Saturday 28 September 2019

Anchor Handling - some improvement required!

Anchor Handling - some improvement required!



Above - the stock 33-2 bow fitting.   Tidy and compact, it is elegant and nicely integrated into the design, but unfortunately it also allows the anchor chain to easily jump off the roller when retrieving.   

Update, August 2020

After a week-long cruise this summer I think I will explore having a bow fitting made, incorporating an anchor roller, chocks for dock and anchor lines, and provision for the tack of an asymmetrical spinnaker.  .I need to refine a design, develop a mock up, and determine the best materials and approach (am thinking cast aluminum or fabricated stainless steel.    This is not something I could make myself, though I could make a wood pattern for sand casting.  

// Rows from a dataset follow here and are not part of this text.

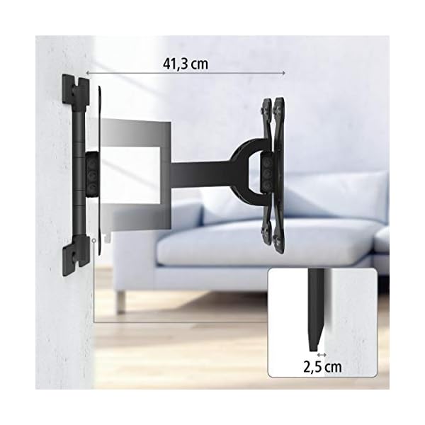 Hama 118060 Fullmotion Ultraslim TV Wall Bracket, 400 mm x 400 mm Size, Black
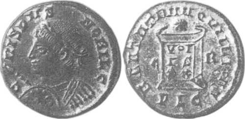 C-RISPVS-NOBILC [CRISPVS NOBIL C]; bust l., laur., cuir. with spear pointing forward, shield on l. arm [G8 l.].
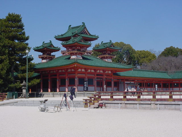 平安神宮の中心となる建物が太極殿ですが、向かって左手(西側)にあるのが白虎楼です。東側にある蒼龍楼と対になっていますが、白虎楼は神苑への入口にもなっています。朱塗りの柱と緑色の屋根が印象的です。この近くで団体の記念写真を撮っていました。
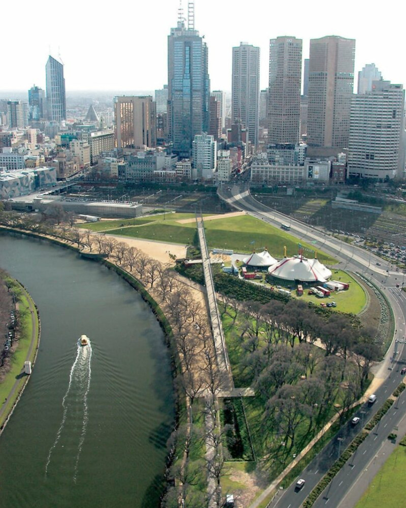 Located over former rail yards, and situated alongside The Yarra River the $15m park design provides a series of distinct spaces where many activities can occur, where large scale urban events, organised activities or informal uses are considered an intrinsic part of the park.

Another option would be to add cheeks of some sort to the stock fitting, however this risks the home-made-looking fixes that blemish so many yachts  

Suggestions welcome!

Original 2019 post and thoughts to date:  




It seems I'm not the only 33-2 owner who would would like to improve the anchor handling setup.   Windstar runs with a 10kg bruce anchor, 50' of heavy chain and 100' of 4 plait nylon rode. This seems to be appropriate for the principal ground tackle.  The anchor rests in a small, low-sided  bow roller in a cast bow fitting,  with no means of securing the anchor, and little structure to keep the anchor or rode securely seated in the roller.   The rode is stowed in a generously-sized anchor locker, with room to spare.      Read on...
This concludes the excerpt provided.